Beyond the Strandline
Christabel had made it up with Nigel. He was waiting outside her flat that night when she finally got home in such awful distress. He did all the right things. Organised her a bath, found a bottle of white wine in the fridge and brought it to her as she lay there soaking herself. While she was relaxing, he made a further raid on the fridge, found a half-eaten pizza and warmed it up, grated some extra cheese over it and melted it in under the grill, brought it to her while she was still thus ensconced.
Afterwards they went to bed, she found herself to be highly aroused, perhaps as a reaction to the earlier trauma she had been through and she and Nigel burned up together in each other’s arms until exhaustion overcame and they slept in late into the next morning.
‘Today, Islamic State militants attacked crumbling Libyan official government forces, taking control of Tripoli airport and harbour. Explosions rocked the Grand Hotel as foreign correspondents hid in the basement sending out their reports. Al Jazeera and Reuters were able to give reasonably coherent coverage despite the rapidly moving escalation of violence.
American and British bombs exploded in Tripoli for the first time since the attack on April 15 1986 when US lightning airstrikes on strategically important targets within Gaddafi’s soviet-leaning dictatorship had been designed to disable his military capability and send him an unmistakeable, clear warning. In a period of twelve minutes a total of 60 tons of bombs were dropped, mostly on airfields. An American aircraft was lost, the crew of two being killed in the action, there were reportedly 40 casualties on the Libyan side.
This time the target was various ill-defined warring factions associated with an Islamic State in Levant (ISIL) Insurgency. Poorly conceived and badly executed, the effect was stir up what was already a hornet’s nest and massacring innocent displaced civilians.
“Supporters of ISIL and other armed groups have exploited the turmoil in Libya, where two governments and parliaments are fighting for control four years since the ousting of Muammar Gaddafi.”
In the eastern city of Benghazi, nine soldiers were killed when fighting the Majlis al-Shura, an umbrella of armed groups including Ansar al-Sharia blamed by Washington for the storming of a US diplomatic compound in 2012. The US ambassador, along with three other Americans, was killed in the attack.
ISIL's growing influence
In the central city of Sirte, ISIL fighters fought with forces sent from the western city of Misrata allied to a self-declared government that runs from the capital, Tripoli, officials and residents said.

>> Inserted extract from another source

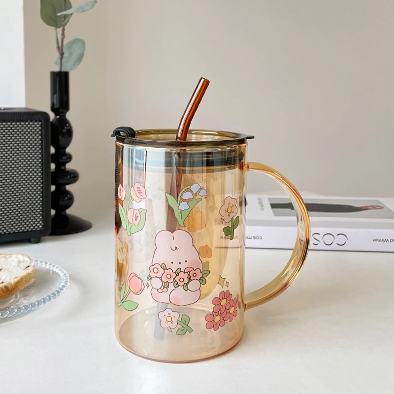 Simpatico coniglietto tazza di vetro con coperchio paglia Kawaii tazze da caffè grande birra al latte bicchieri da vino tazza di succo d’acqua coreana bicchieri regalo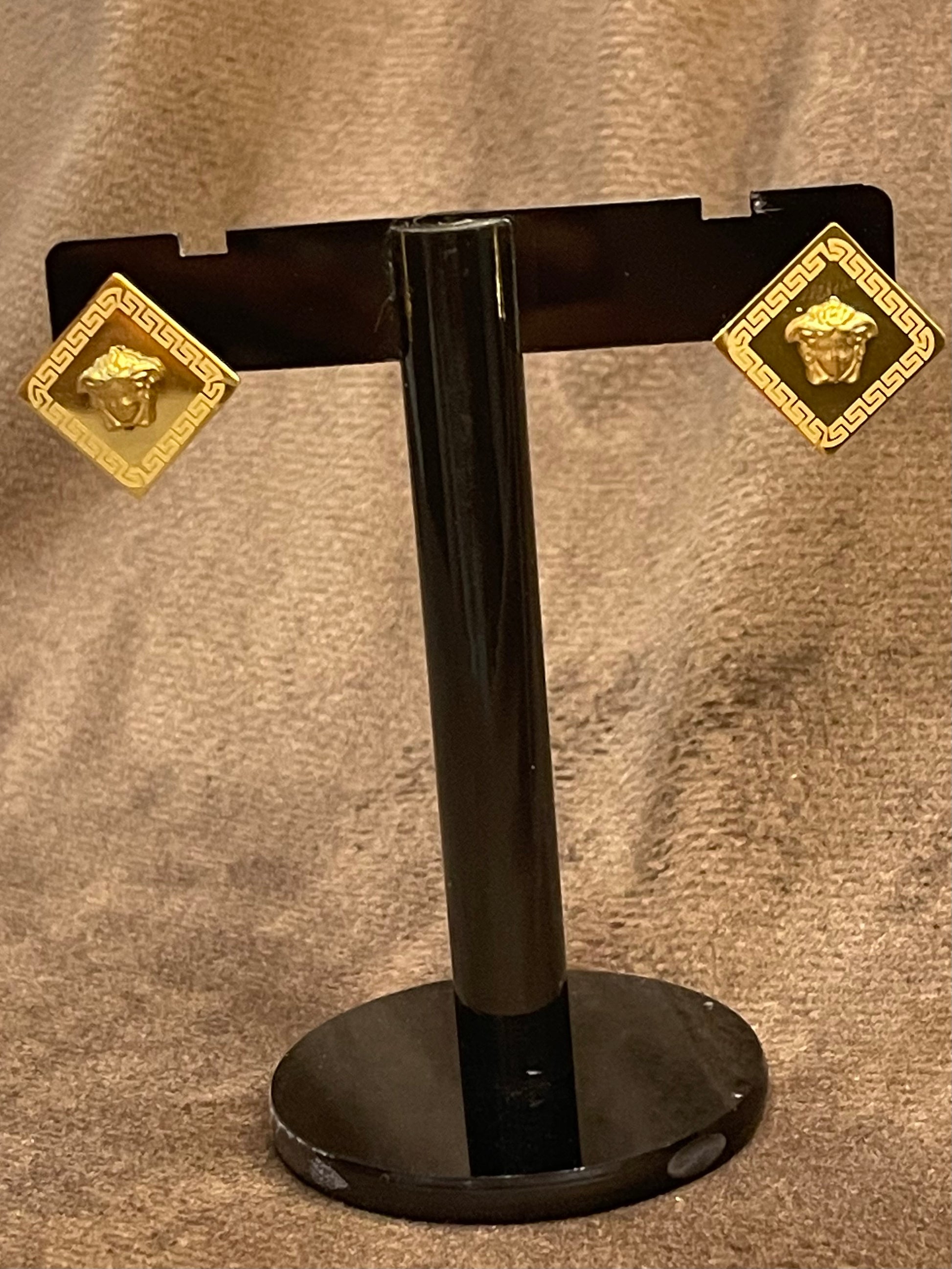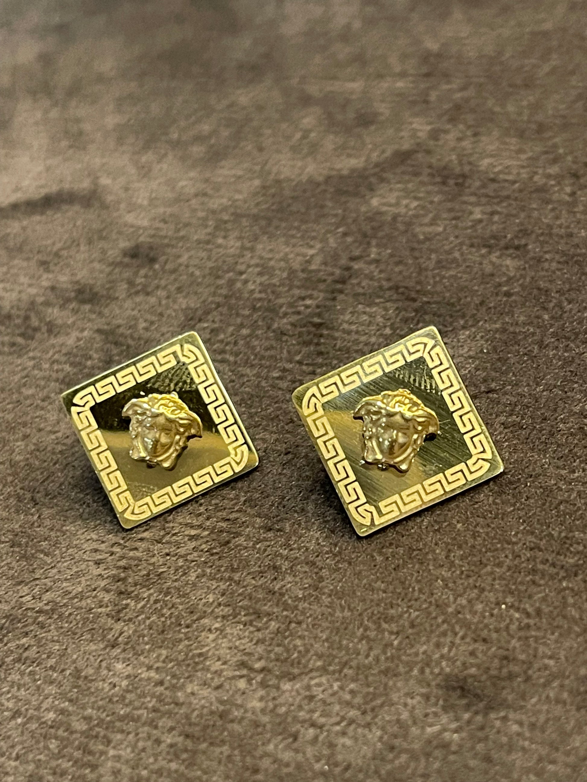 A pair of sophisticated gold Earrings featuring a Medusa head design at the center, surrounded by a Greek key pattern border. Placed on a brown fabric surface with a black and white diamond-patterned backdrop, these cufflinks exude luxury and style.

ISIL fighters have in recent months claimed responsibility for several attacks including the storming of a Tripoli hotel and the murder of dozens of Egyptian and Ethiopian Christians.”

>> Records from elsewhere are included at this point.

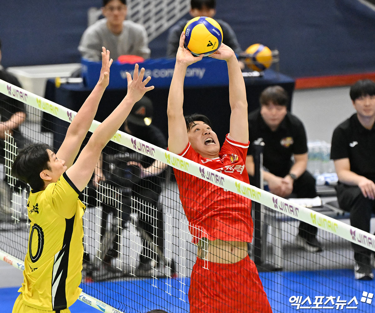 (엑스포츠뉴스 수원, 김한준 기자) 18일 오후 경기도 수원실내체육관에서 열린 '진에어 2025-2026 V-리그' 한국전력과 KB손해보험의 경기, 한국전력 하승우가 토스를 하고 있다.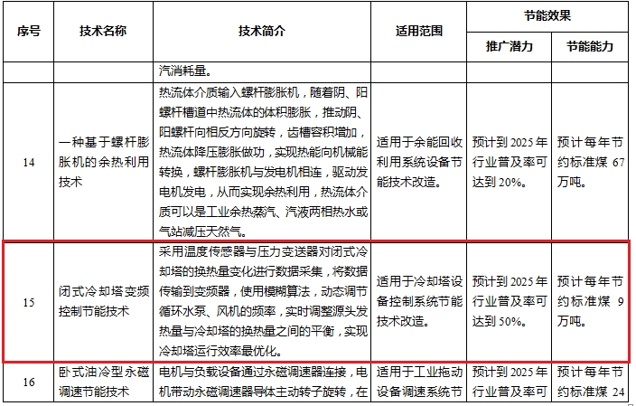 2022年11月,国家工业和信息化部发布《国家工业和信息化领域技能技术装备推荐目录(2022年版)》公告,其中我公司闭式冷却塔变频控制节能技术”成功入选《国家工业和信息化领域技能技术装备推荐目录(2022年版)》,这代表公司的节能核心技术得到国家的认可肯定与支持推广,标志着我公司工业节能综合专业服务能力、技术实施水平又上新台阶,此次成功入选,喜登榜单,为公司后续开拓全国工业节能服务市场奠定基础,持续为用能单位创造技改效益,为国家节能减排事业贡献力量,体现企业社会责任!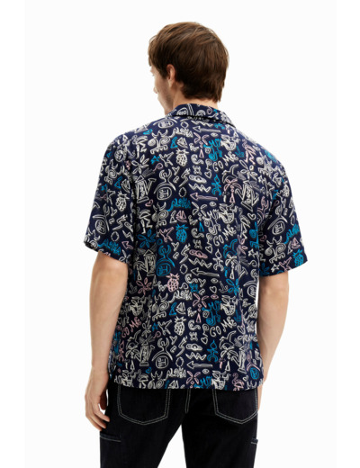 Affirmez votre style avec cette chemise à manches courtes au col classique, sublimée par un motif d’illustrations contrastées qui capte le regard. Une pièce audacieuse pour dynamiser vos tenues estivales avec élégance.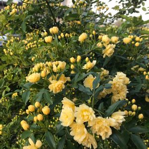 鉢植えのモッコウバラ 満開です😉 昨年買った小さな苗が、1年で大きく成長しました😄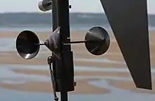 Wind direction is usually expressed in terms of the direction from which it originates. For example, a northerly wind blows from the north to the south.[7] Weather vanes pivot to indicate the direction of the wind.[8] At airports, windsocks indicate wind direction, and can also be used to estimate wind speed by the angle of hang.[9] Wind speed is measured by anemometers, most commonly using rotating cups or propellers. When a high measurement frequency is needed (such as in research applications), wind can be measured by the propagation speed of ultrasound signals or by the effect of ventilation on the resistance of a heated wire.[10] Another type of anemometer uses pitot tubes that take advantage of the pressure differential between an inner tube and an outer tube that is exposed to the wind to determine the dynamic pressure, which is then used to compute the wind speed.[11]

Source BBC World Service 4 October
The Paris Climate Change conference was overtaken by the very phenomenon it was convened to address. Europe moved from a summer of extremes, most notably drought and high temperatures causing wildfires on an almost unprecedented scale, to a plunge into violent and protracted storms producing flooding on a scale last seen as recently as December 2014. In the UK, with its political system already in disarray, its Tory Government’s slim overall majority left it impotent and bogged down in internecine factional arguments. Back-bench MPs found individual bargaining power they had rarely enjoyed before and while a shire-counties ‘Make Britain Great Again’ rallying group wanted to restore fox hunting, providing amusing tabloid newspaper coverage, the serious matter of a steep and deepening financial crisis was starting to dominate everything.

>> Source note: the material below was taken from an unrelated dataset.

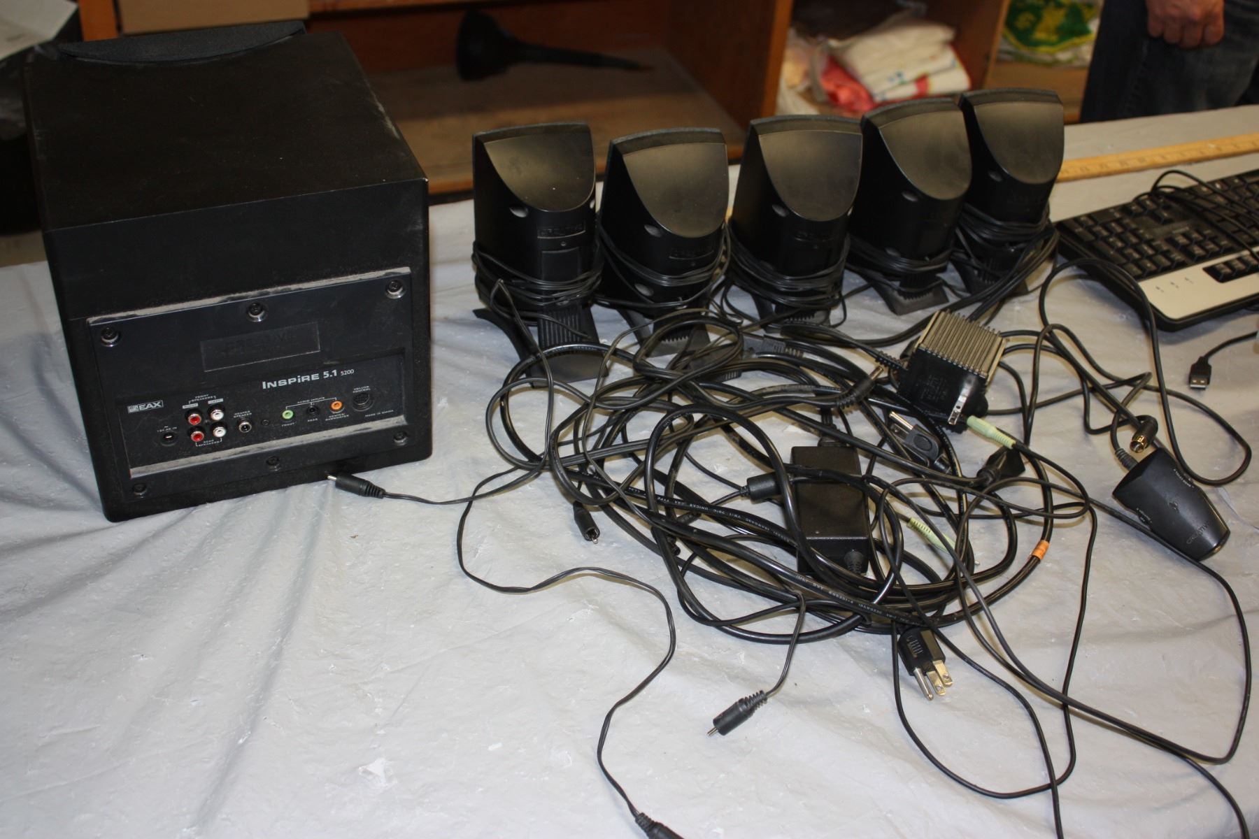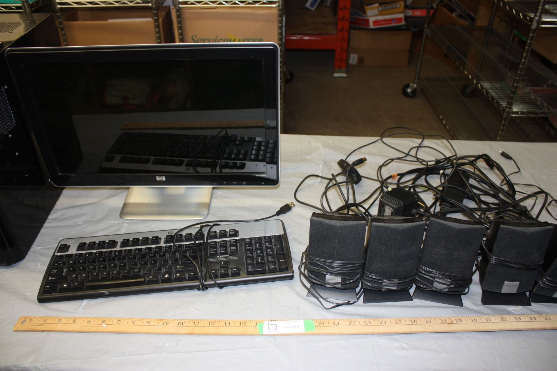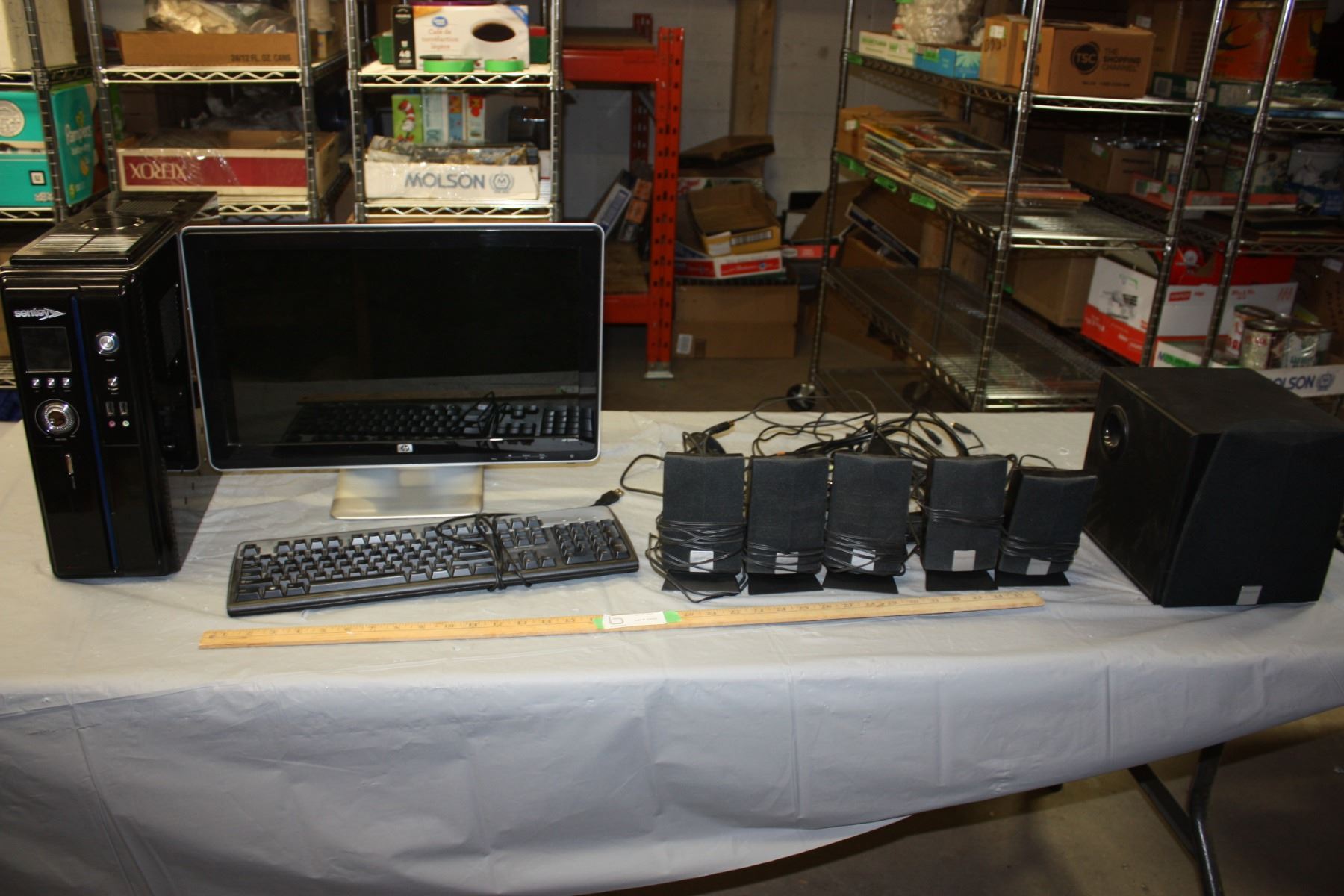 Sentey PC Tower, HP Monitor and Creative Speaker Set (5 Speakers 1 Base) and Cords

In the run-up to a dark and gloomy Christmas with retail sales plummeting, manufacturing output largely stalled and the looming spectre of mass unemployment as companies trimmed their workforces, nobody now had any illusions that economic growth was over, at least for the foreseeable future. The bubble had well and truly burst as even ‘the Daily Telegraph’ was forced to acknowledge.
Britain seemed to be hit worse than most eu member states. By the New Year it was being widely mooted that the GBP would reach parity with the euro with the possibility of further decline as the slide into recession continued to deepen.
Property prices which tended to be viewed as the British ultimate barometer of prosperity first stalled and then begun to fall back as the recession slumped the market. The ‘First-time buyers’ end of the property ladder effectively froze as bank lending choked off.
BBC ‘Horizon’ documentaries began to display an almost smug ‘revenge is sweet’ attitude as they charted the ever-steepening fall from a financial powerhouse trading at 1.411 euro to the pound down to almost Greek levels of debt-driven despair.
It was now the Eurozone’s turn to consider whether it wanted Britain to remain as a member state.